**WHAT IS REQUIRED**
Pictures are to be left out, and only the lines from the one with "Prime Minister Edi" through the last line of the listing below are to be repeated exactly.

**DATA**
<<<<
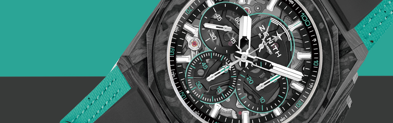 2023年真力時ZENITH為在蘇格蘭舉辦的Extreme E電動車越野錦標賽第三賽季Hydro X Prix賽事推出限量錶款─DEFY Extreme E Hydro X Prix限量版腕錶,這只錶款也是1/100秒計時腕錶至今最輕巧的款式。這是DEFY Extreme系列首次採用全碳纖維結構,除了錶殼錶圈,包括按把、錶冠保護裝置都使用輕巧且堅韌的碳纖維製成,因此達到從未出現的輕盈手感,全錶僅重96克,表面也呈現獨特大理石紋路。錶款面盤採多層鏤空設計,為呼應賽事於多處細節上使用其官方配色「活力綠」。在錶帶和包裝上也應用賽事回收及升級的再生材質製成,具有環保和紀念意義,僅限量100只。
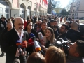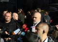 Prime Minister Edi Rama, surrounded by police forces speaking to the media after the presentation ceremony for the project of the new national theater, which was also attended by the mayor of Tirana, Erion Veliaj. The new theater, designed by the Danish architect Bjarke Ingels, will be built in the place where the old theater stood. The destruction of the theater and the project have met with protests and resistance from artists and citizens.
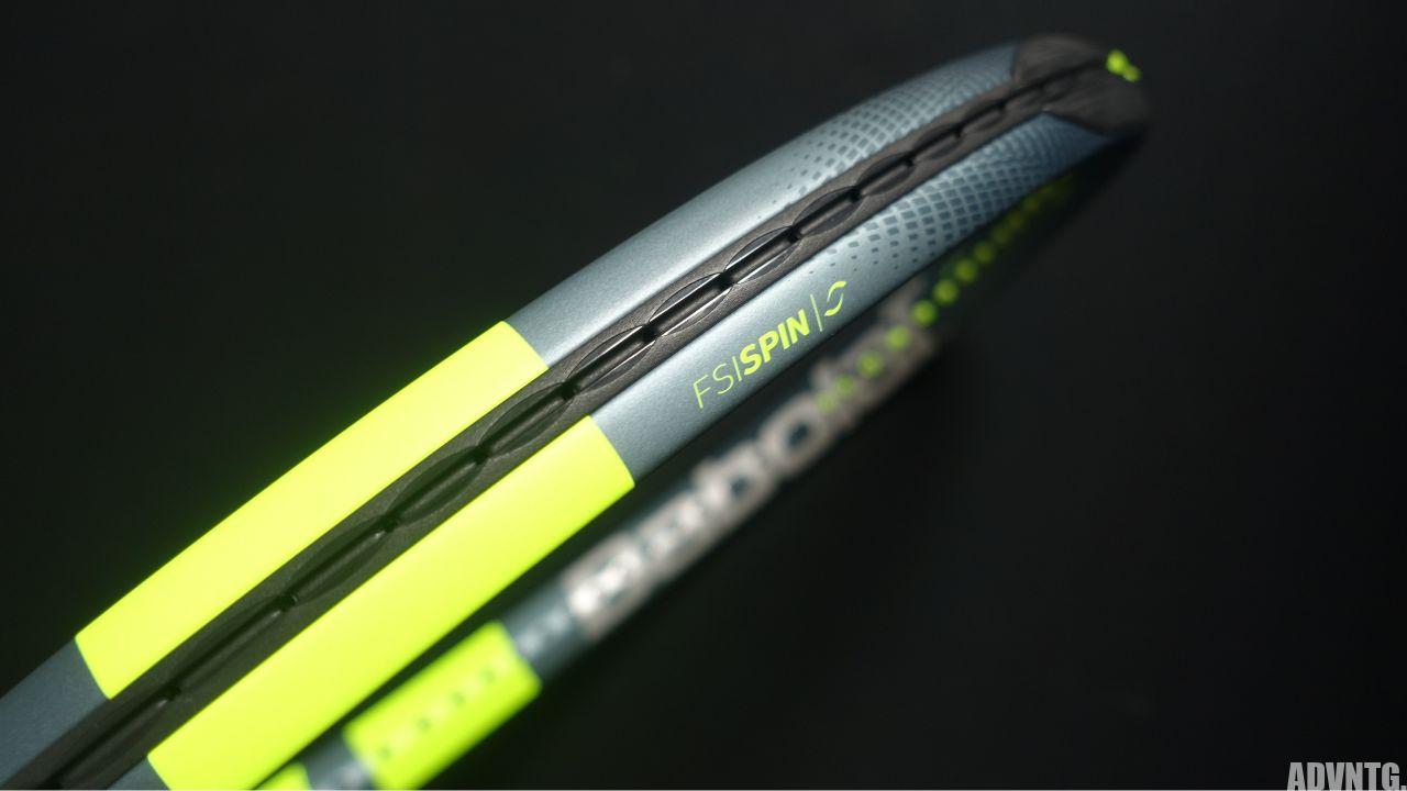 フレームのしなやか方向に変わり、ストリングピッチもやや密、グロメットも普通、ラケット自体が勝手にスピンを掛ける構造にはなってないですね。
>>>>
**RESULT FOR THIS TASK**
 Prime Minister Edi Rama, surrounded by police forces speaking to the media after the presentation ceremony for the project of the new national theater, which was also attended by the mayor of Tirana, Erion Veliaj. The new theater, designed by the Danish architect Bjarke Ingels, will be built in the place where the old theater stood. The destruction of the theater and the project have met with protests and resistance from artists and citizens.
 フレームのしなやか方向に変わり、ストリングピッチもやや密、グロメットも普通、ラケット自体が勝手にスピンを掛ける構造にはなってないですね。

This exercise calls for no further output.